He came under political fire as minister in July 2007, after it became known that an event sponsored by the Ministry, Het akkoord van Schokland, was organized without a public procurement process stipulated under European Union law. Instead, the event was organized by an event bureau closely tied to the Labour Party itself. Koenders cited time shortage.

Between 2008 and 2009, Koenders was part of a High-Level Taskforce on Innovative International Financing for Health Systems, which had been launched to help strengthen health systems in the 49 poorest countries in the world and was chaired by UK Prime Minister Gordon Brown and World Bank president Robert Zoellick.

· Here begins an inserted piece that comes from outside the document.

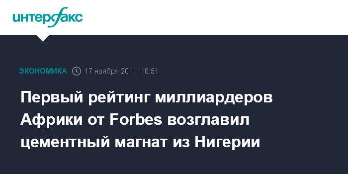 Москва. 17 ноября. INTERFAX.RU - Журнал Forbes опубликовал свой первый рейтинг самых богатых африканцев, сообщает BBC.

In 2009, he criticized Pope Benedict XVI for his assertion that distributing condoms is not the solution to AIDS and actually makes the problem worse.

===United Nations===
Between 2011 and 2013, he served as the UN Secretary-General's Special Representative and Head of the United Nations Operation in the Ivory Coast.

Between 2013 and 2014, he was the Special Representative and Head of the United Nations Multidimensional Integrated Stabilization Mission in Mali appointed by UN Secretary-General Ban Ki-moon.

===Minister of Foreign Affairs===
On 17 October 2014, Koenders succeeded Frans Timmermans as Minister of Foreign Affairs.

At the 2016 United Nations Security Council election, Koenders and his Italian counterpart Paolo Gentiloni agreed on splitting a two-year term on the United Nations Security Council after the United Nations General Assembly was deadlocked on whether to choose Italy or the Netherlands following five rounds of voting for the last remaining 2017/18 seat.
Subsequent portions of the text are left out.